Tuesday, April 5, 2022

Free Printable Coupons

 

5 April 2022


Take this free pass to murder. Leave a dotted line of bodies on the road through Bucha. Leave trenches full of bodies you don’t cover with dirt. Leave chalk white hands in cable ties behind the backs of the dead. Leave a closed hand, nails red with polish and blood. Exchange your coupon for a slashed throat, a cut-off leg, a raped woman trashed by the road. Leave.


“They kill us for their sport.” Take this coupon for a dead hen, a toy for your son, an appliance for your wife, then load them on your armored personnel carrier. Don’t worry about intercepts; they already know what you’re doing.

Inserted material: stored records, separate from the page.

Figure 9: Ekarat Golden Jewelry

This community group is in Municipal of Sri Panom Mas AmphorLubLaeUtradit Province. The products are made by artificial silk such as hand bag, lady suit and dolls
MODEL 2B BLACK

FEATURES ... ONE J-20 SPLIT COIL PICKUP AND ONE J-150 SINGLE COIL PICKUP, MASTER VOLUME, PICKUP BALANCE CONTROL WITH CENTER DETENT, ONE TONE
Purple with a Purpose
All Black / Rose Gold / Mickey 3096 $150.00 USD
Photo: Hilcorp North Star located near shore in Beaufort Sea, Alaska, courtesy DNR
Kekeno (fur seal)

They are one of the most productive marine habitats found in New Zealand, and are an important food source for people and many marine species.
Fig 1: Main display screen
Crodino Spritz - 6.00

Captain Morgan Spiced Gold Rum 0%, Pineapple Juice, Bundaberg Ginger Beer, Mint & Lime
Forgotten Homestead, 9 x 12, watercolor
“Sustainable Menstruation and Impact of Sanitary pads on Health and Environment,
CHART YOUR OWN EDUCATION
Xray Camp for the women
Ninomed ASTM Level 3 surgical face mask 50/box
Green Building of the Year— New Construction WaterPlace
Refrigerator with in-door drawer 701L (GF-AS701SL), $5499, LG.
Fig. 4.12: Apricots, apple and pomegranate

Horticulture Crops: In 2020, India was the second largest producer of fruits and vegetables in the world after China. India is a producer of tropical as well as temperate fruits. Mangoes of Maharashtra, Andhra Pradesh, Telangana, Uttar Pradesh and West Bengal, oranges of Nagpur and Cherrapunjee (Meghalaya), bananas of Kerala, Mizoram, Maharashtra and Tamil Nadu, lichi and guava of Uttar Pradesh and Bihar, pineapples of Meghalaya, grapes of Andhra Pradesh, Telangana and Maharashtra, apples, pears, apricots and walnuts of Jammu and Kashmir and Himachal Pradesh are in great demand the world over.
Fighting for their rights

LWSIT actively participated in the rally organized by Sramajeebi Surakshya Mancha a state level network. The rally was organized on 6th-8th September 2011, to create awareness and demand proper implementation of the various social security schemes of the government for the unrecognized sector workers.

A boy died in a basement because he caught pneumonia. An old woman shows a reporter how to get down her ladder into the the dark hold of her house. What they can’t see they can still bomb, because bombs have such amazing eyes.

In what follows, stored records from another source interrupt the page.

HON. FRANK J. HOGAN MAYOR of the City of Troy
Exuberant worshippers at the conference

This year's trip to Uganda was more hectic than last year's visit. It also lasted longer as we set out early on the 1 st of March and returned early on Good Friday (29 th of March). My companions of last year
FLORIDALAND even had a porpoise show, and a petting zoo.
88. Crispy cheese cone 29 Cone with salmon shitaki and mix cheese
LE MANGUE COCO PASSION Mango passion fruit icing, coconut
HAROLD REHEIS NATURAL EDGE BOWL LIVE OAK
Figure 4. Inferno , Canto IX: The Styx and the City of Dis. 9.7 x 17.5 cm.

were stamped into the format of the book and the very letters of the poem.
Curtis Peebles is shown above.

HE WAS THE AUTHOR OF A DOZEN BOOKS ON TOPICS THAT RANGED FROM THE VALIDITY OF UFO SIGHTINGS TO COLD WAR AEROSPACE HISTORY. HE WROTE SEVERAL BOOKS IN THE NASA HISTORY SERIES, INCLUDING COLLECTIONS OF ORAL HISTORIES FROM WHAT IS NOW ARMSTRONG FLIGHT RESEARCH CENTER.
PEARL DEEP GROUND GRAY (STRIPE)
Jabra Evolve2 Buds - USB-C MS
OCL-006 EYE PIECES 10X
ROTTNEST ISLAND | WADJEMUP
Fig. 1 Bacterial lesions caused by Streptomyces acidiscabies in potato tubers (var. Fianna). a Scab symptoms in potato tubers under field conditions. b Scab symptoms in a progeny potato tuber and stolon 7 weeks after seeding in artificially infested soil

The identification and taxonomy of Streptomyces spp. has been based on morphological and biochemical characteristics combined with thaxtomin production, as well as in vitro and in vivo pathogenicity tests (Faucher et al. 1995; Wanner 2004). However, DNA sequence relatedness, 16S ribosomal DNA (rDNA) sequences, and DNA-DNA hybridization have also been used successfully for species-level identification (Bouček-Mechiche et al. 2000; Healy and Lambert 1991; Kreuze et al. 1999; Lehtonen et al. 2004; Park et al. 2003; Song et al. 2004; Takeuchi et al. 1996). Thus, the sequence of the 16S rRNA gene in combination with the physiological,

Is that photograph voyeuristic, we wonder about a shot of a man on a lanai, looking at his phone? The model said yes, so our gaze at her naked body isn’t. You can’t exit a cliché without knowing its number. One student ate seven cookies; he counted them.

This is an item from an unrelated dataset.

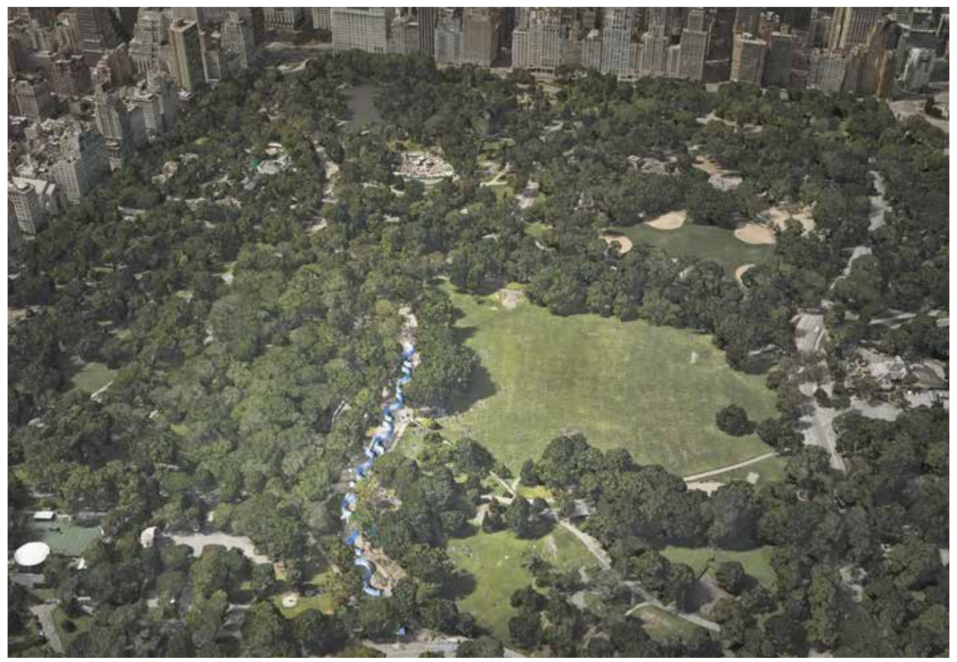
Breathe With Me in Central Park, New York City, September 2019
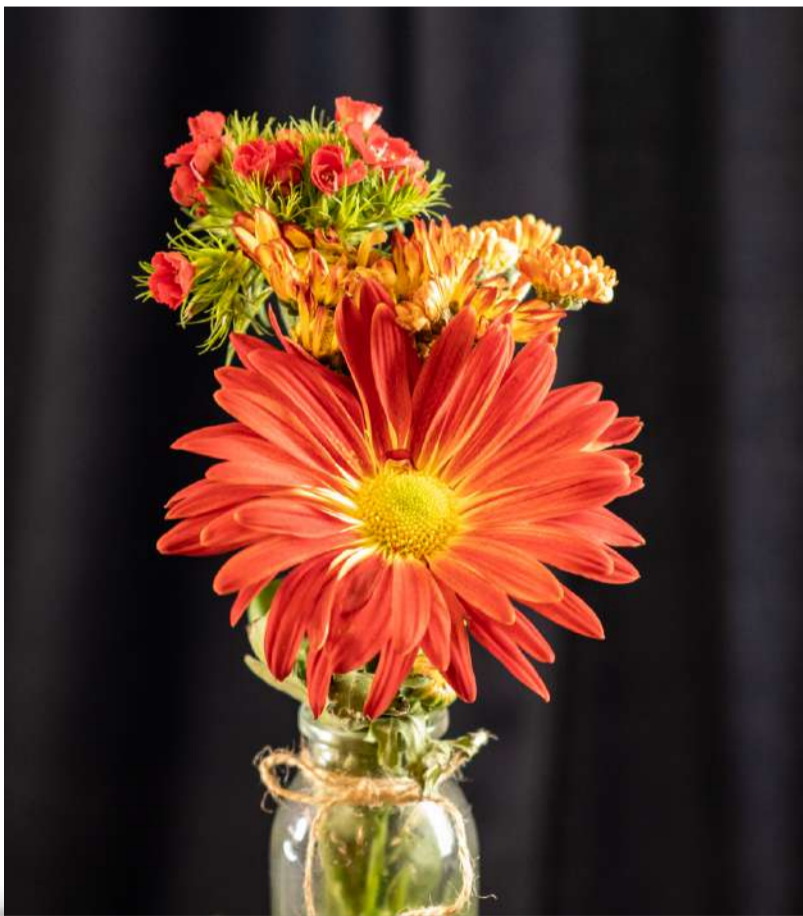
03-Gerberra and Friends.jpg, Dick Light

Desire to release the day’s news, to internalize my feelings in objects I see go by, as in a Chagall painting, flying like a dog in air in a bathroom on a wall. To take the bells and put them inside my chest, to pull their ropes and fill the cave with a sound at once hollow and dense. To make myself a bell and toll for every nerve ending’s complaint. After you complain, you become The Complainer. After you take a photograph of the homeless man bent beneath his pack, he becomes The Pilgrim. What is real doesn’t stay that way, or at least what looks real. On Kapahulu, they push their shopping carts toward the sea from under the freeway. In the morning, they retreat up the avenue, while at night they surge back toward Waikiki. They keep our time. Next to Zippy’s, a man lies partly shaded by a large umbrella leaning on the ground; he lies on a towel, and reads a book. Shall we call this the academic dream?


The war’s a metronome, like dementia. It clicks away in the corner to the tune of my keyboard, accreting words, if not their meaning. From a drone’s eye view, much of Bucha’s completely destroyed, except for the central cathedral. In Cambodia, the poorest villages have built gold-leafed temples. Worship what’s left behind, which is worship’s vestige.


An engine starts outside my townhouse. The contemplative life of a machine is noisy and stinky. Many days, I suspect mine is too. How do I act as witness to suffering I feel only as reflected light, pointed toward the subject, a small bunny doll used as sacrifice to an educational power point? My whole life has been an appropriation. My skin is a sieve through which it flows, and in that sluice I find pieces of us. A poet, wrote Borges, is a person who believes her metaphors are true.